What to do
The lines below, from the one holding "与资金占用相伴而生的是虚构贸" through the final line, are to be copied exactly, with no other lines and no pictures.

Materials provided
****************

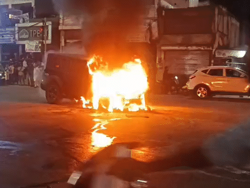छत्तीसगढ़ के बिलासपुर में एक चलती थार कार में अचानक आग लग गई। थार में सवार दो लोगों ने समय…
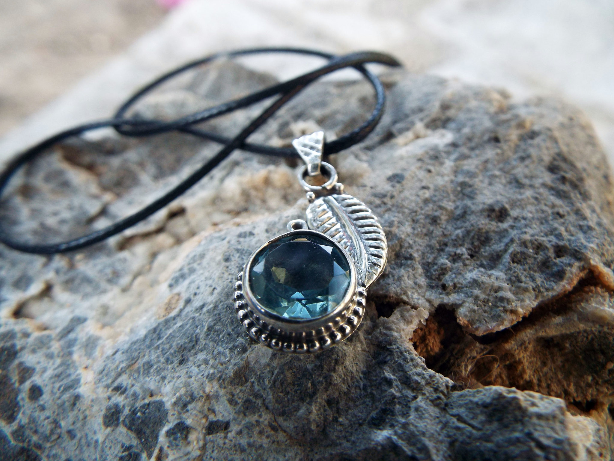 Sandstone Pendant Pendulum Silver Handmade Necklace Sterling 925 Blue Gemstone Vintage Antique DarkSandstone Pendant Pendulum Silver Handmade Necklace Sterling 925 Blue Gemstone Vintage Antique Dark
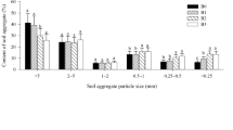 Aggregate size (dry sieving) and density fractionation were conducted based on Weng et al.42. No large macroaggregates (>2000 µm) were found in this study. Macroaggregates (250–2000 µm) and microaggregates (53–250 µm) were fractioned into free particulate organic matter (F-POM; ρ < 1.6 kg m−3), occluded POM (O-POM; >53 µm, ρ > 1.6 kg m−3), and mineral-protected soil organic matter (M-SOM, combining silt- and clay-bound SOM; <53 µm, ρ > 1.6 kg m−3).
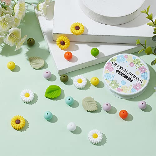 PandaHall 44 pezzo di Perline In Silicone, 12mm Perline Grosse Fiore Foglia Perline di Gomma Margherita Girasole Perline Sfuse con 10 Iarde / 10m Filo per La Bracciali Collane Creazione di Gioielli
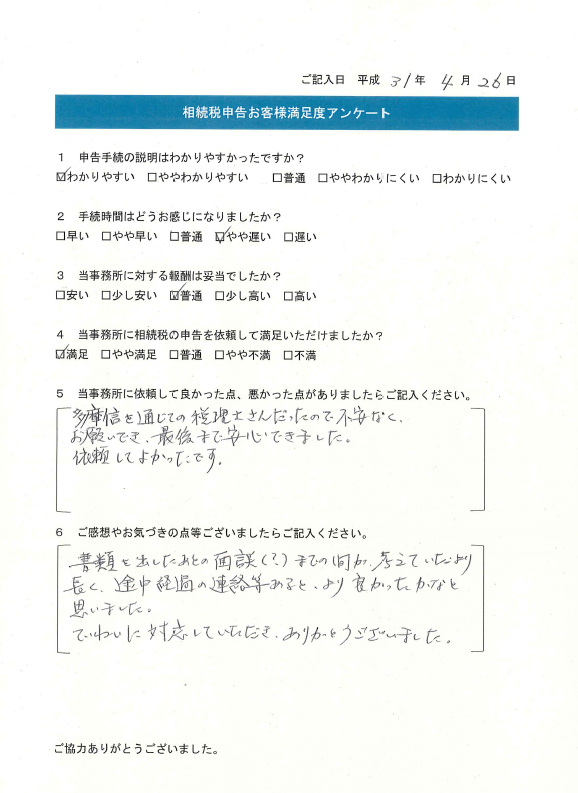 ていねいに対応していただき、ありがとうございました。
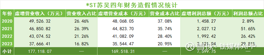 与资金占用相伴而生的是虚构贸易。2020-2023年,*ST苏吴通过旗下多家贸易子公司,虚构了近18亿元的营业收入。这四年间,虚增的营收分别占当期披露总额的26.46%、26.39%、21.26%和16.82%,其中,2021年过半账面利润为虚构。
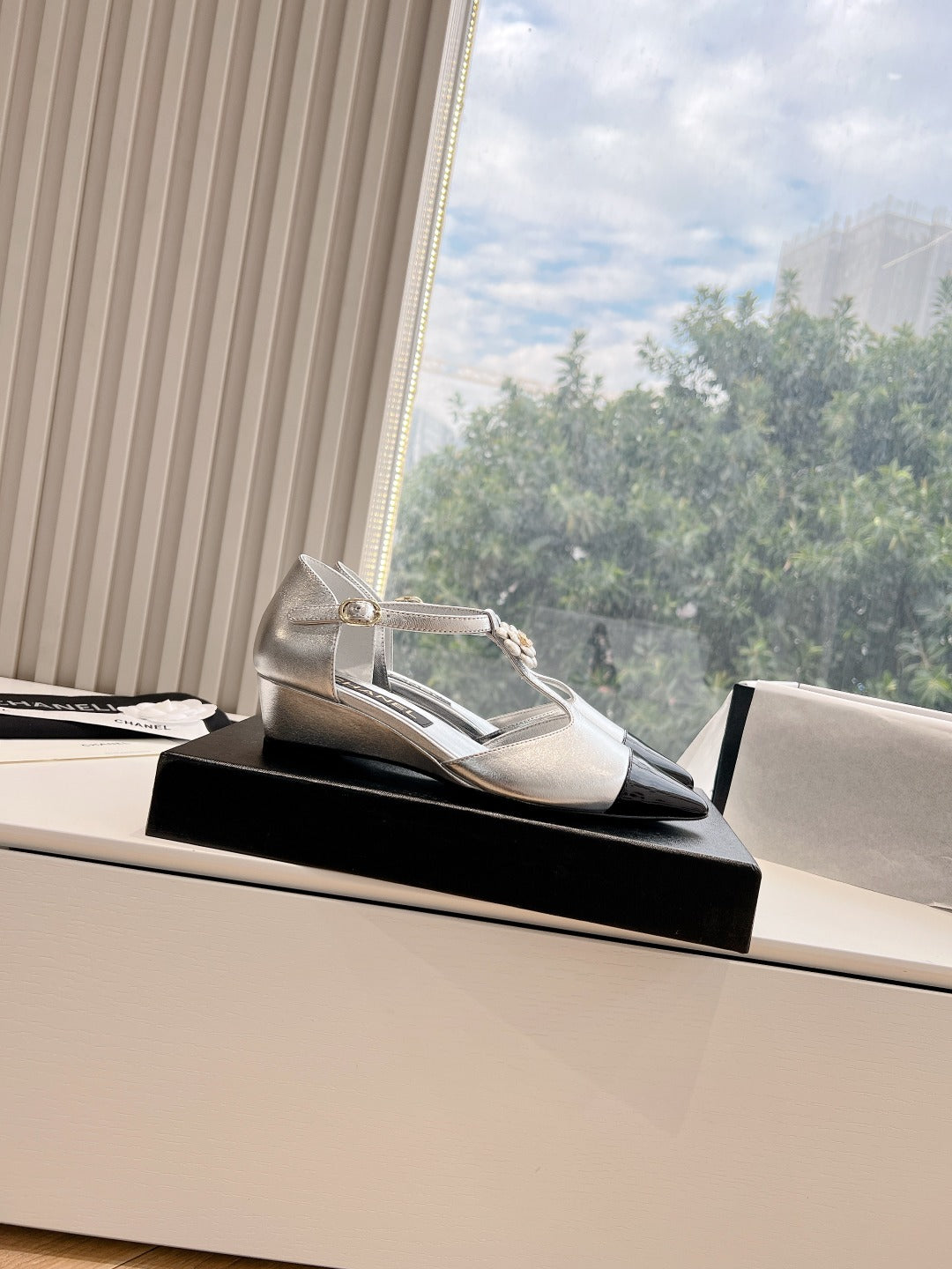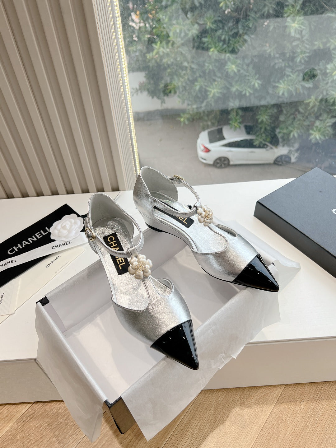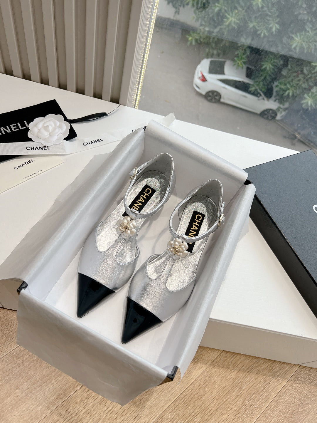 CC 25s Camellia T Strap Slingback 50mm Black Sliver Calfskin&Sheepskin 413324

****************

Your solution
 与资金占用相伴而生的是虚构贸易。2020-2023年,*ST苏吴通过旗下多家贸易子公司,虚构了近18亿元的营业收入。这四年间,虚增的营收分别占当期披露总额的26.46%、26.39%、21.26%和16.82%,其中,2021年过半账面利润为虚构。
 CC 25s Camellia T Strap Slingback 50mm Black Sliver Calfskin&Sheepskin 413324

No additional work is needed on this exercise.